It's the eighth year of Art Los Angeles Contemporary of the West Coast at Barker Hangar in Santa Monica, famous arts venue.

Fair presents lots of known and emerging galleries from all over the globe.

Would love to highlight some of the artists:


Donna Huanca

Donna Huanca's installations fuse tactile materials, such as clothing and ephemera to create architectural collages that are performative in nature. Working primarily with deconstructed clothing, dipped in paint and solidified, her sculptural gestures pause a once-fluid life of the garment. During Huanca's durational performances the works interact with the vulnerability of live models, camouflaged and infused into the sculpture, giving life to otherwise static artworks.

“I really think that art is dead. I’m really bored just seeing something that’s the past. Very few things stay alive and in the end, it’s paintings that I find can still really move me”

American Artist born in Chicago who currently lives and works in Berlin, DE / New York, US.
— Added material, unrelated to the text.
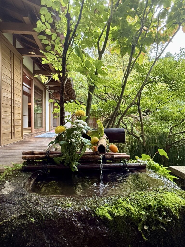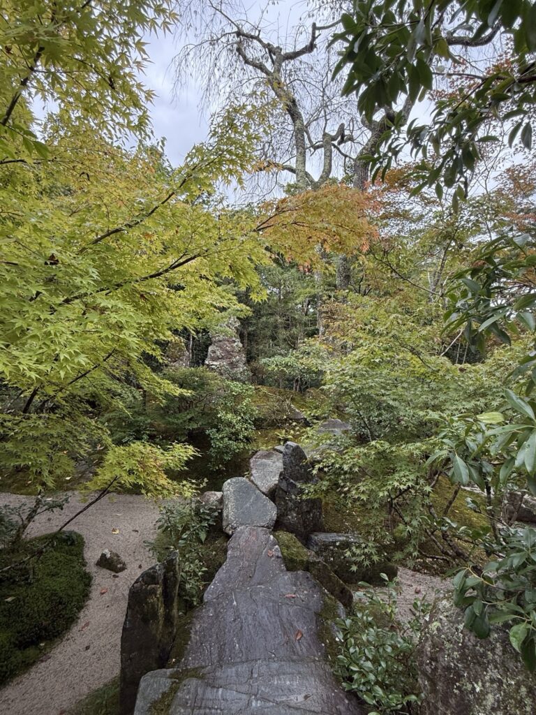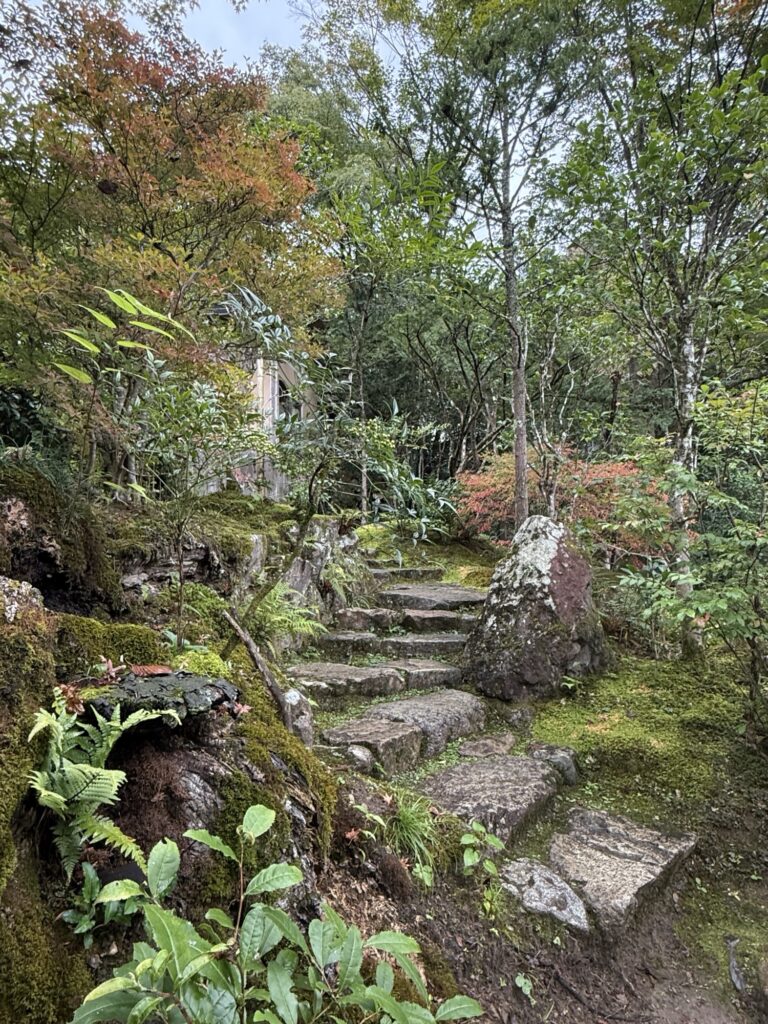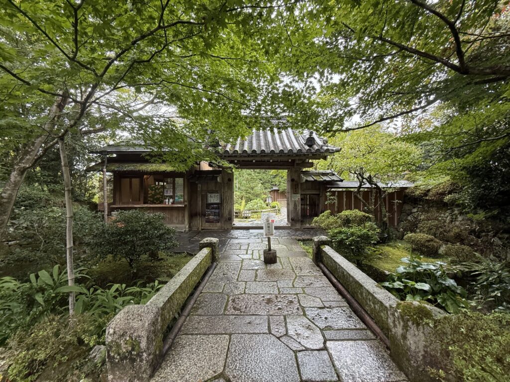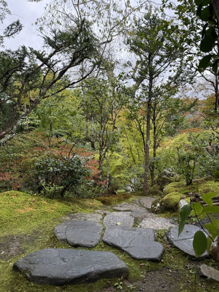 京都・大原の宝泉院は、書院の柱を額縁に見立てて眺める「盤桓園(ばんかんえん)」が有名で、樹齢700年の五葉松と大原の山並みを借景に、一幅の絵のような静けさを感じられます。南側には平成17年に作庭された新庭「宝楽園」があり、岩組や白砂、草花で仏神の世界を表す回遊式枯山水。地球創世をテーマにした現代的な美しさと、紅葉や苔が織りなす風景が魅力です。

“I want the experience of my work to create a surreal moment similar to a hallucination.”


Huang Rui

Would like to focus a little on this controversial Chinese artist known for his social and cultural criticism.

Huang Rui’s work is characterized by symmetry and simplicity of form, as well as by the use of primary colors. Though his work can stand alone as aesthetically pleasing; he is recognized as being a socially minded artist, and thus often a controversial artist in China. Throughout his career, he has continued to be vocal about his belief in the importance of free expression - and as a result, he has faced a large amount of censorship from the government.

‘When the government transformed the surrounding fields the bulldozers kept getting closer and closer and then just stopped when they reached my perimeter wall of my compound.

Perhaps they will eventually just knock the building down and plant more trees on top.’

Huang's works are the real object of beauty.

In the same time, his art got lots of political and historical references.


Wang Keping

Another great Chinese artist who was born in Beijing in 1949. He considers being as first Chinese Contemporary sculptors. He exploded into the Contemporary art world in 1970th and one of the founders of Beijing contemporary art group called The Stars (Xing Xing). The group has been promoting artistic freedom in China.

For many years Wang Keping has been clashing with the government of China. With "The Stars" he did lot's of "guerilla exhibitions" outside the walls of museums and held marches for freedom and constitutional rule.

"They have no new ideology, so they can only fall back on Mao Zedong's ideology."

For certain time Wang Keping provocative works been blacklisted in China, that's when he started gaining fame abroad and his sculpture "Silence" were pasted across the cover of the New York Times.


Meg Cranston

American artist who works in sculpture and paintings.

Her works became recognizable at the 1990th.

Her works are very diverse. Her abstract forms have attributes of historical events, fashion, modern designs, and much more.